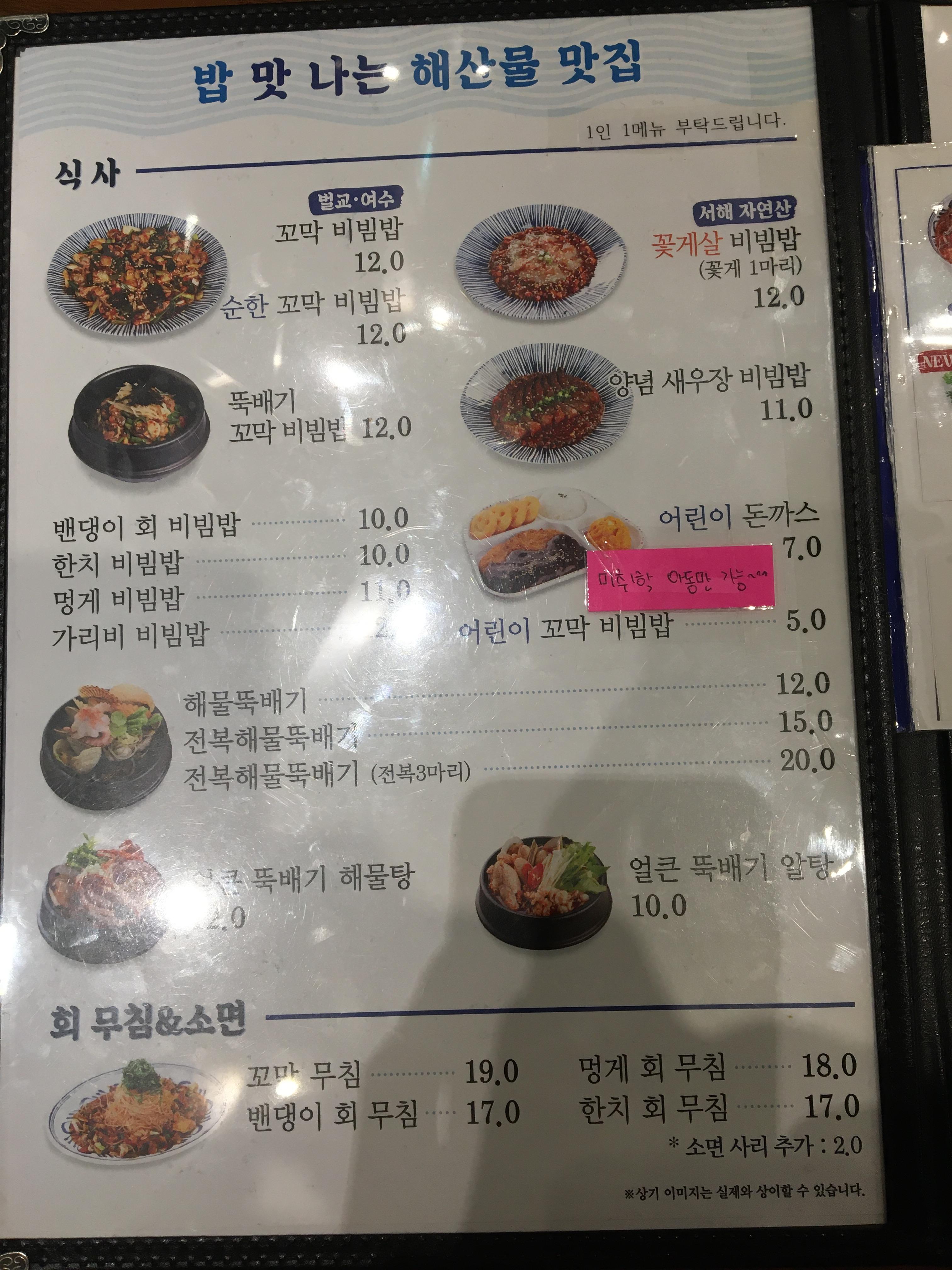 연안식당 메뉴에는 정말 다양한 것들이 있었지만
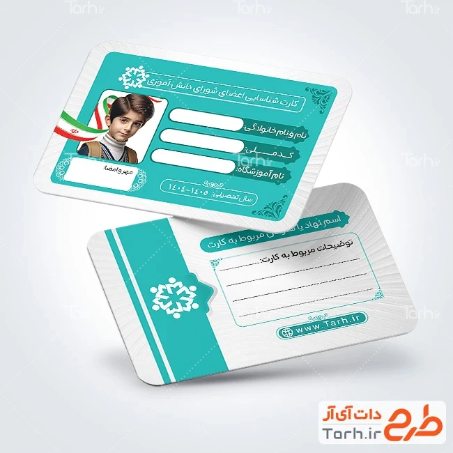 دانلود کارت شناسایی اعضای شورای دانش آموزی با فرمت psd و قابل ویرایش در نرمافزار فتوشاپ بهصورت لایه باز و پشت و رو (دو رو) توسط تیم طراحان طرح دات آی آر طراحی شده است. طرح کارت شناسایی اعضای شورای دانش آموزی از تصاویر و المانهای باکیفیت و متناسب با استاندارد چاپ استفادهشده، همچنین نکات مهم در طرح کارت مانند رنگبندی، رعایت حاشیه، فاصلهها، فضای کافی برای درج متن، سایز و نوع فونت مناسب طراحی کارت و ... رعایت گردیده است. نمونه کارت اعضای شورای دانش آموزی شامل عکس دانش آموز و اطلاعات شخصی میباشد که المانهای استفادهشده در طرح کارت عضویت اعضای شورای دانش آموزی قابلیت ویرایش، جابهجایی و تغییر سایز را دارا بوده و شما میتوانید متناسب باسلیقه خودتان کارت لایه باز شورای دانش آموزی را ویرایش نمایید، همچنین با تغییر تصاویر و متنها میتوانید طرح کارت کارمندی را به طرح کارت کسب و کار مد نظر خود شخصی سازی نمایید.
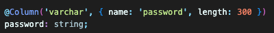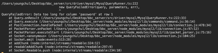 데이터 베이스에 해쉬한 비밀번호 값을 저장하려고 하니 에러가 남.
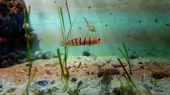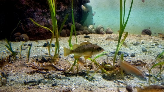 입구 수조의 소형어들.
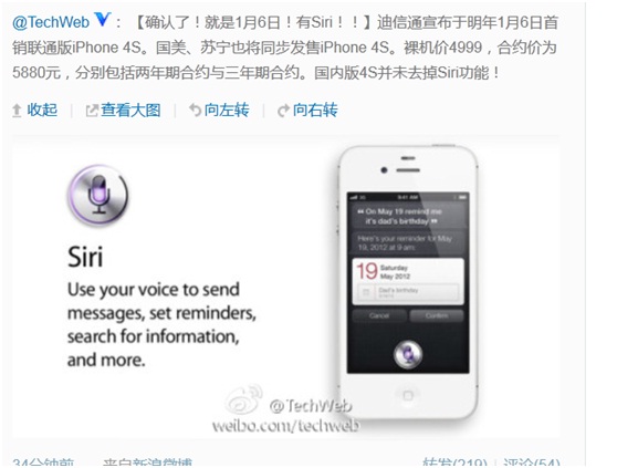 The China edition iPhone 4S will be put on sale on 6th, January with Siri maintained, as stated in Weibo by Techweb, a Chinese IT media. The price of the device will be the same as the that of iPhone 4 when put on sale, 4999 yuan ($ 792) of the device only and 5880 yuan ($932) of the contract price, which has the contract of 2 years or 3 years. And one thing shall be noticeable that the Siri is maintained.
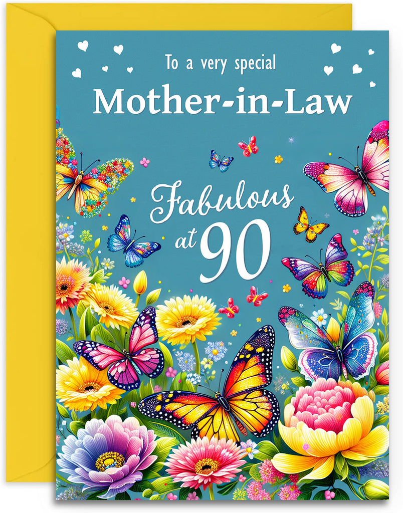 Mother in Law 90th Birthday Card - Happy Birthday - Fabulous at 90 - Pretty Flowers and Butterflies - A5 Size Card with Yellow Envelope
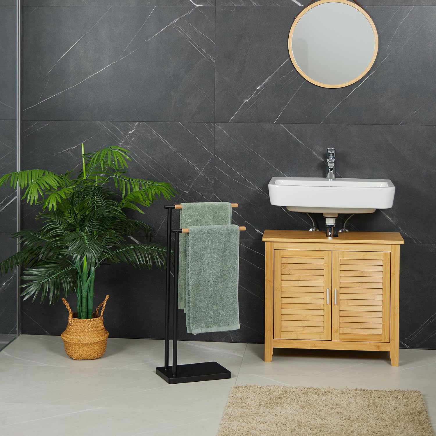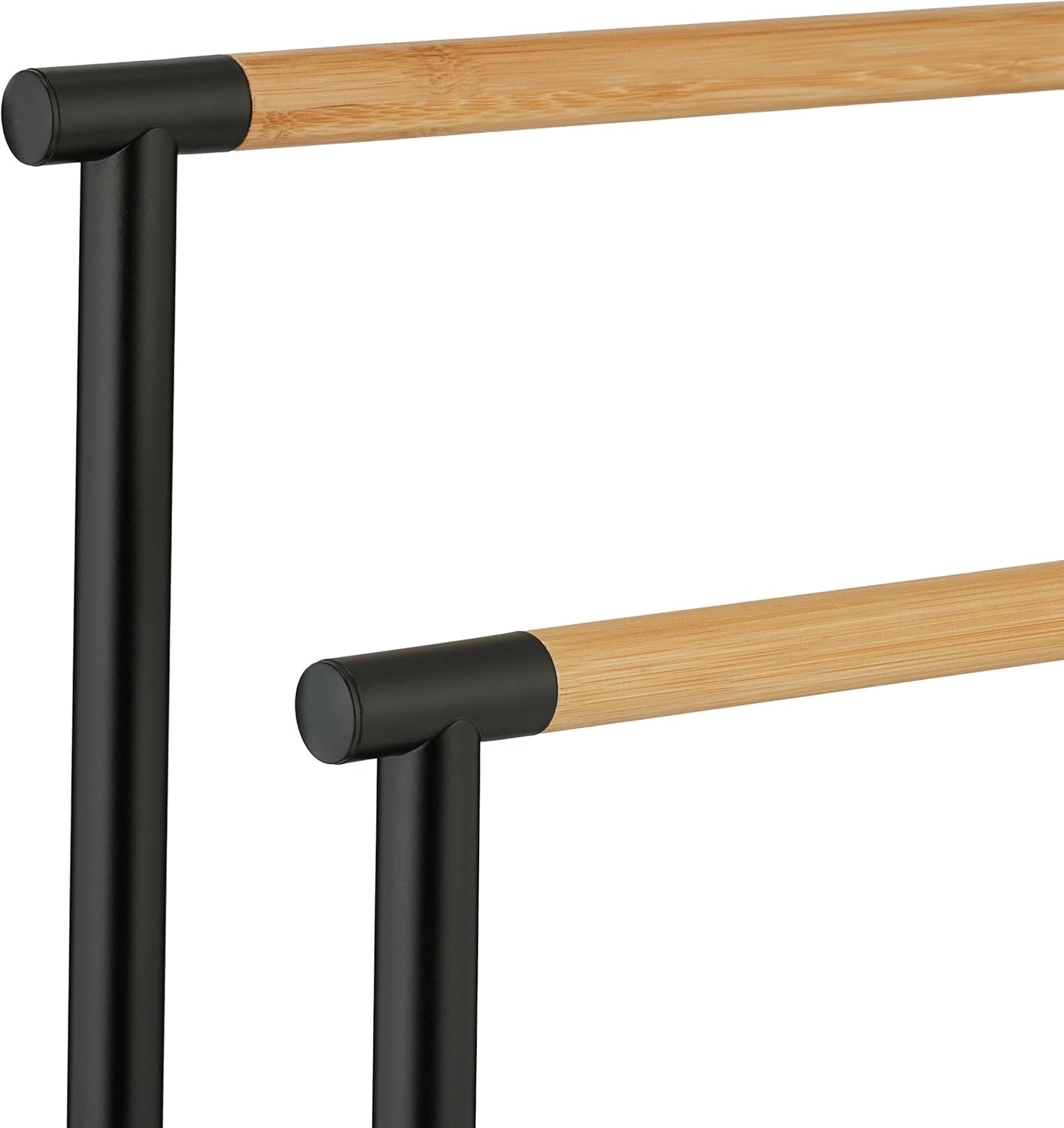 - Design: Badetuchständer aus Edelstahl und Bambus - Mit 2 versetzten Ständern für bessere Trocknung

****************

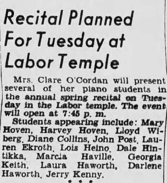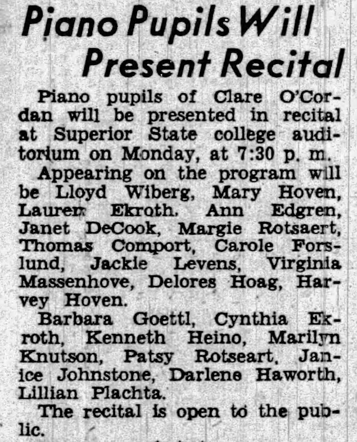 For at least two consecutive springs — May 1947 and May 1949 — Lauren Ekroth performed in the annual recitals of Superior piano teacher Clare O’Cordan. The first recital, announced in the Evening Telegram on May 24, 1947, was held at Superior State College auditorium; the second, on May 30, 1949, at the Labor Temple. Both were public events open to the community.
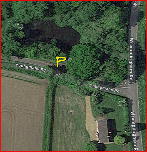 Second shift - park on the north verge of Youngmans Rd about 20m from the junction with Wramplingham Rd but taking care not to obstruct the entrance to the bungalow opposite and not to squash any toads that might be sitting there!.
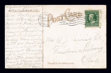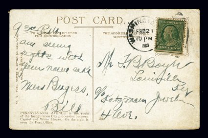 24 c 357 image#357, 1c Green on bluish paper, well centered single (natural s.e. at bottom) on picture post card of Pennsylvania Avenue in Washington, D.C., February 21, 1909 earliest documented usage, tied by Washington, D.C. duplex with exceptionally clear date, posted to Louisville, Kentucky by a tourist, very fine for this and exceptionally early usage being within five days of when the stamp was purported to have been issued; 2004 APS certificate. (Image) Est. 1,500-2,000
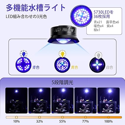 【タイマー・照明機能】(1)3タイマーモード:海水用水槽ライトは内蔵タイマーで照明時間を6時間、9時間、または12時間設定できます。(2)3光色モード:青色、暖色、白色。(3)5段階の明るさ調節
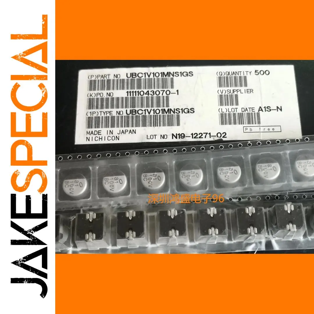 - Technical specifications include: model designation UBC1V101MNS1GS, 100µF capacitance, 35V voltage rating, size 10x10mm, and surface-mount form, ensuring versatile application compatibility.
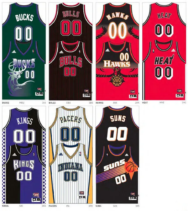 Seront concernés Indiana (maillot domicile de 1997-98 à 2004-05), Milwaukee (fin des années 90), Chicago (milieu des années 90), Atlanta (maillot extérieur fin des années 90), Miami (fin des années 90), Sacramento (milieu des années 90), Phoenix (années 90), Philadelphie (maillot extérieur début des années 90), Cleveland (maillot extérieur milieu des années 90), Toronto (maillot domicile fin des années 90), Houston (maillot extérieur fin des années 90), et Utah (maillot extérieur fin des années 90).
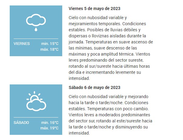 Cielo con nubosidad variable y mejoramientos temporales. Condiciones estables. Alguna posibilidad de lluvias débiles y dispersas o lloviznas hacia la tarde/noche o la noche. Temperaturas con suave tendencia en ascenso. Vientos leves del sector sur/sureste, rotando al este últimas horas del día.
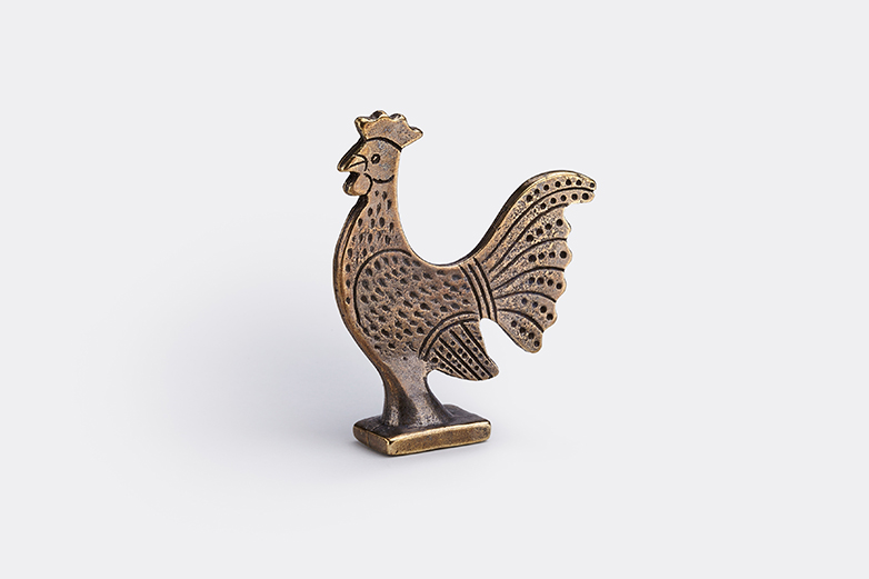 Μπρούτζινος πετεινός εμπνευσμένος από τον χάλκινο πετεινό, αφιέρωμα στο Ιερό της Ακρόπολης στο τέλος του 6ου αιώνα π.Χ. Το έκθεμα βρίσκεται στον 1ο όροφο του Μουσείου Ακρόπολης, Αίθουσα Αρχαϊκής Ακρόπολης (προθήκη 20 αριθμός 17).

****************

AIM OF THE TASK =>
Write out word for word the lines above that run from the one with "For at least" to the one with "Second shift - park". Include both end lines; exclude the images.

FINAL ANSWER =>
 For at least two consecutive springs — May 1947 and May 1949 — Lauren Ekroth performed in the annual recitals of Superior piano teacher Clare O’Cordan. The first recital, announced in the Evening Telegram on May 24, 1947, was held at Superior State College auditorium; the second, on May 30, 1949, at the Labor Temple. Both were public events open to the community.
 Second shift - park on the north verge of Youngmans Rd about 20m from the junction with Wramplingham Rd but taking care not to obstruct the entrance to the bungalow opposite and not to squash any toads that might be sitting there!.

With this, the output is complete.